Eleanor turned and saw Howard in a pew by the door. He looked shockingly bad, gaunt and hunched, a poor impression of the man she’d known. Even his beard had whitened, making him look decades older. “My God. He looks awful.” Eleanor suddenly realized she hadn’t asked after Howard once in all the times she’d spoken to Mary in the past week as they’d tried to come to terms with the loss of their friend.

Mary nodded. “He just can’t stop being sick. The doctors don’t know what’s wrong. They’re even talking some form of cancer now. He’s got to go for tests at the hospital next week.”

“Oh, Mary, I’m sorry. I had no idea you were coping with that as well.” It seemed very unfair that Mary couldn’t be allowed to mourn Nancy properly, without yet another thing to worry about. Although that was a mean way to think, as even Howard couldn’t have planned an illness to coincide with this. Eleanor tried to muster some sympathy for the man, but she knew too much about him for it to feel completely sincere.
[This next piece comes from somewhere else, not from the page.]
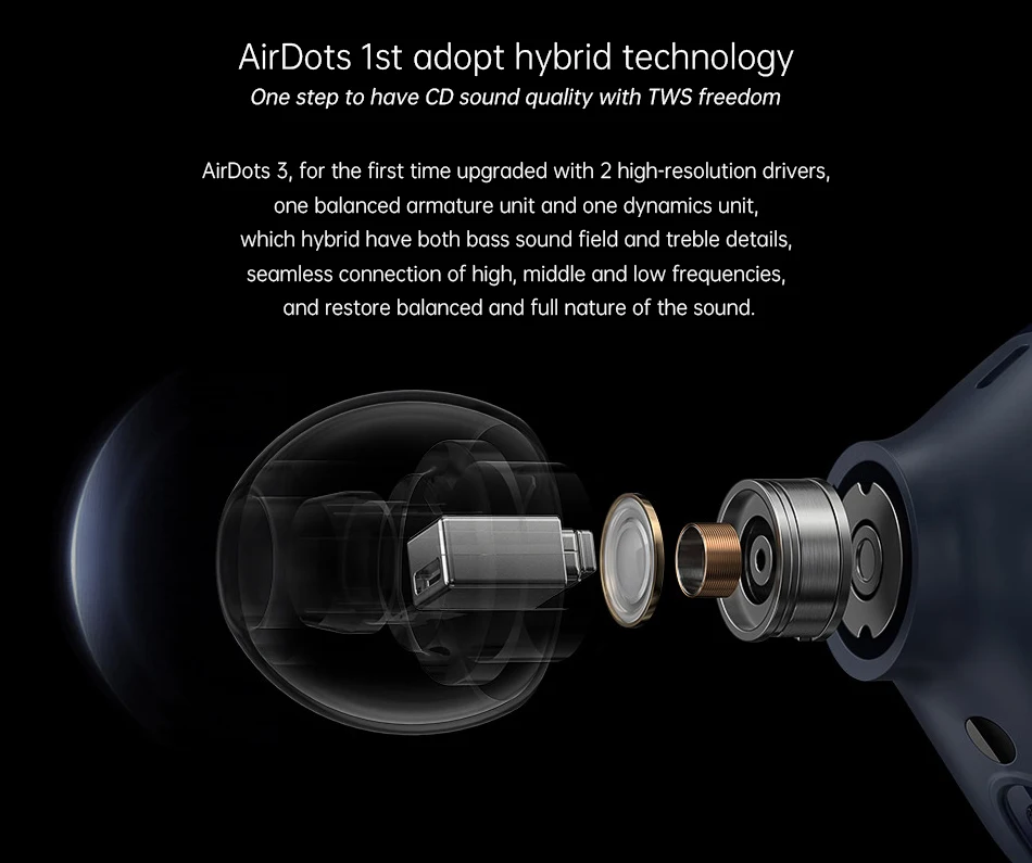 • Tecnología True Wireless, como en los Airdots Pro, para una conexión super rápida.

She’d argued with Nancy a few times over the years about Howard, Nancy never able to comprehend why he irritated Eleanor so, which Eleanor in turn understood because he presented such a consummate face to the world. It would have been much easier for their friendships if Mary had confided in Nancy as well about how Howard had behaved in the past decade, although Eleanor also understood why she hadn’t. It would be hard to sit in front of someone who appeared to have as much as Nancy and admit that everything had gone to shit.

Mary leaned in to her ear. “I feel awful for him, he’s so poorly.”

“Do you?” Eleanor instantly regretted her words. Maybe she should take a leaf out of Nancy’s book and be more magnanimous about Howard. It was clearly the supportive thing to do. She looked back again and saw Mary and Howard’s daughters flanking their father, but their son was nowhere in sight. “Where’s Marcus?”

“No idea.”

“But wasn’t Nancy his godmother, like me?”

Tears darted into Mary’s eyes. “Yes. I don’t know what’s going on with him. You know how Marcus’s behavior has been deteriorating this last year. Well, it’s suddenly got much worse. I reminded him about the funeral yesterday and he said he’d come, but he didn’t come home last night, and he’s not been picking up his phone all morning.”

A collective hush descended, the vicar took his position at the front of the church, and Eleanor could hear Zara’s deep intake of breath, followed by her slow and steady sobbing.